> [Task objective]
Everything in the data must be repeated exactly, apart from the pictures, which are left out.

> [Provided data]

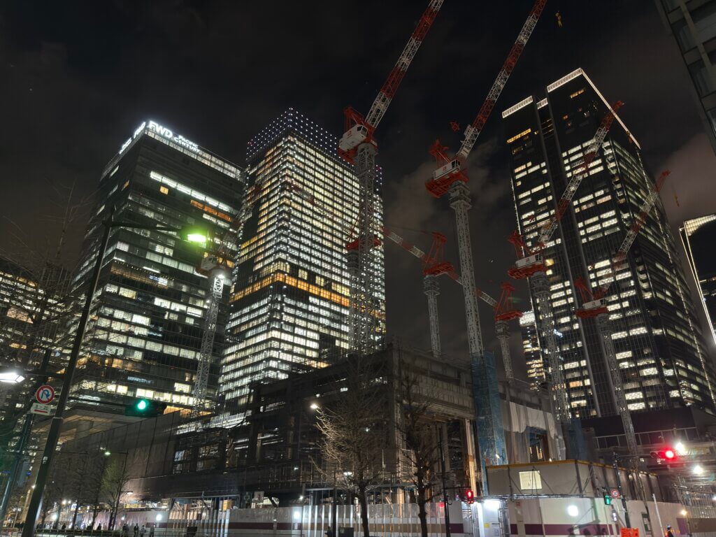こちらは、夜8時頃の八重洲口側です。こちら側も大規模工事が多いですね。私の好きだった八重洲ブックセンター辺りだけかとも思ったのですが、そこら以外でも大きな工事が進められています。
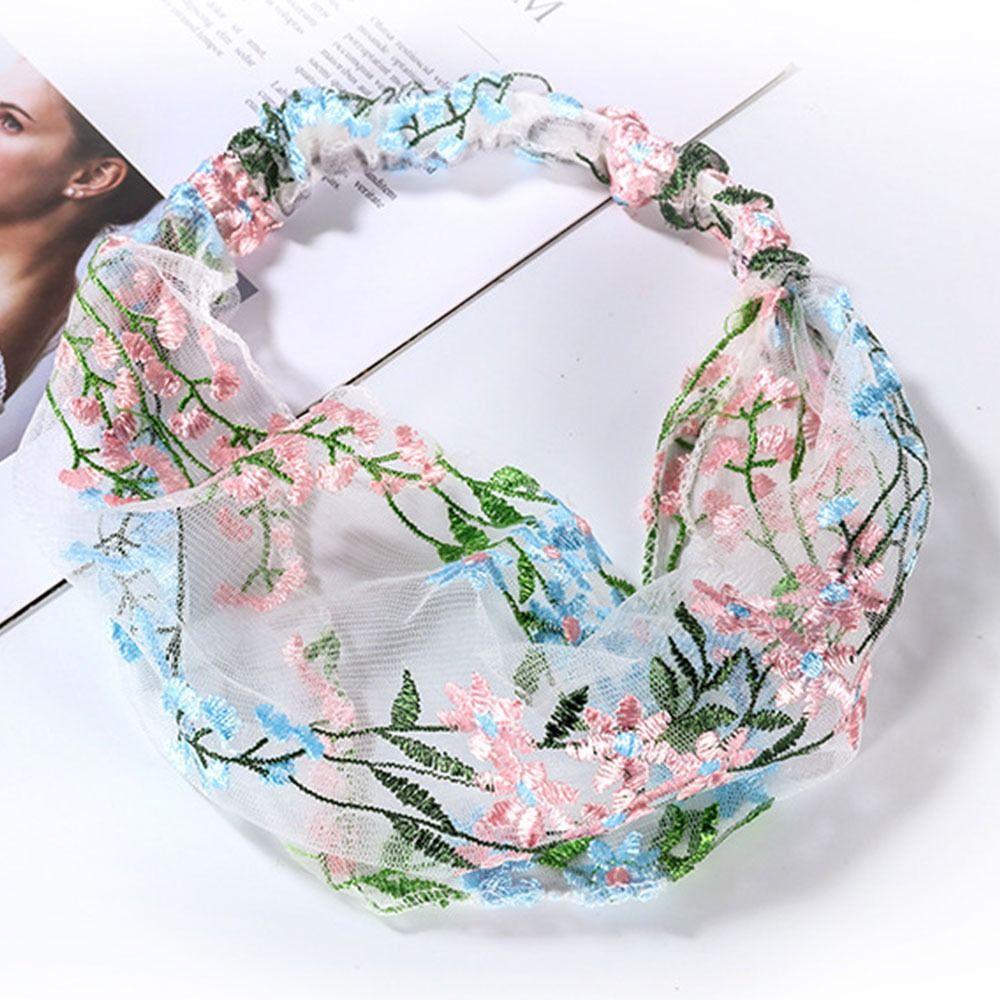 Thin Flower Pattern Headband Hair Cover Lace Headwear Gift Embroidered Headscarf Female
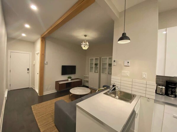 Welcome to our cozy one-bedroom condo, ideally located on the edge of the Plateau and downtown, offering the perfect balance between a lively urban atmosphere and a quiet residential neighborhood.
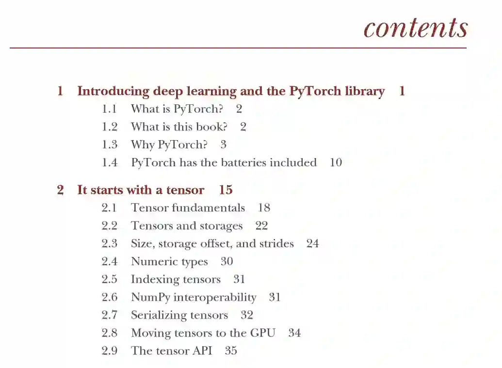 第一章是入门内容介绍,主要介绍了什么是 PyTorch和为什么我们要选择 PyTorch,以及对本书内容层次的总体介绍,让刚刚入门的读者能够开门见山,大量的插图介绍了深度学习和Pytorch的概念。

> [Your response]
こちらは、夜8時頃の八重洲口側です。こちら側も大規模工事が多いですね。私の好きだった八重洲ブックセンター辺りだけかとも思ったのですが、そこら以外でも大きな工事が進められています。
 Thin Flower Pattern Headband Hair Cover Lace Headwear Gift Embroidered Headscarf Female
 Welcome to our cozy one-bedroom condo, ideally located on the edge of the Plateau and downtown, offering the perfect balance between a lively urban atmosphere and a quiet residential neighborhood.
 第一章是入门内容介绍,主要介绍了什么是 PyTorch和为什么我们要选择 PyTorch,以及对本书内容层次的总体介绍,让刚刚入门的读者能够开门见山,大量的插图介绍了深度学习和Pytorch的概念。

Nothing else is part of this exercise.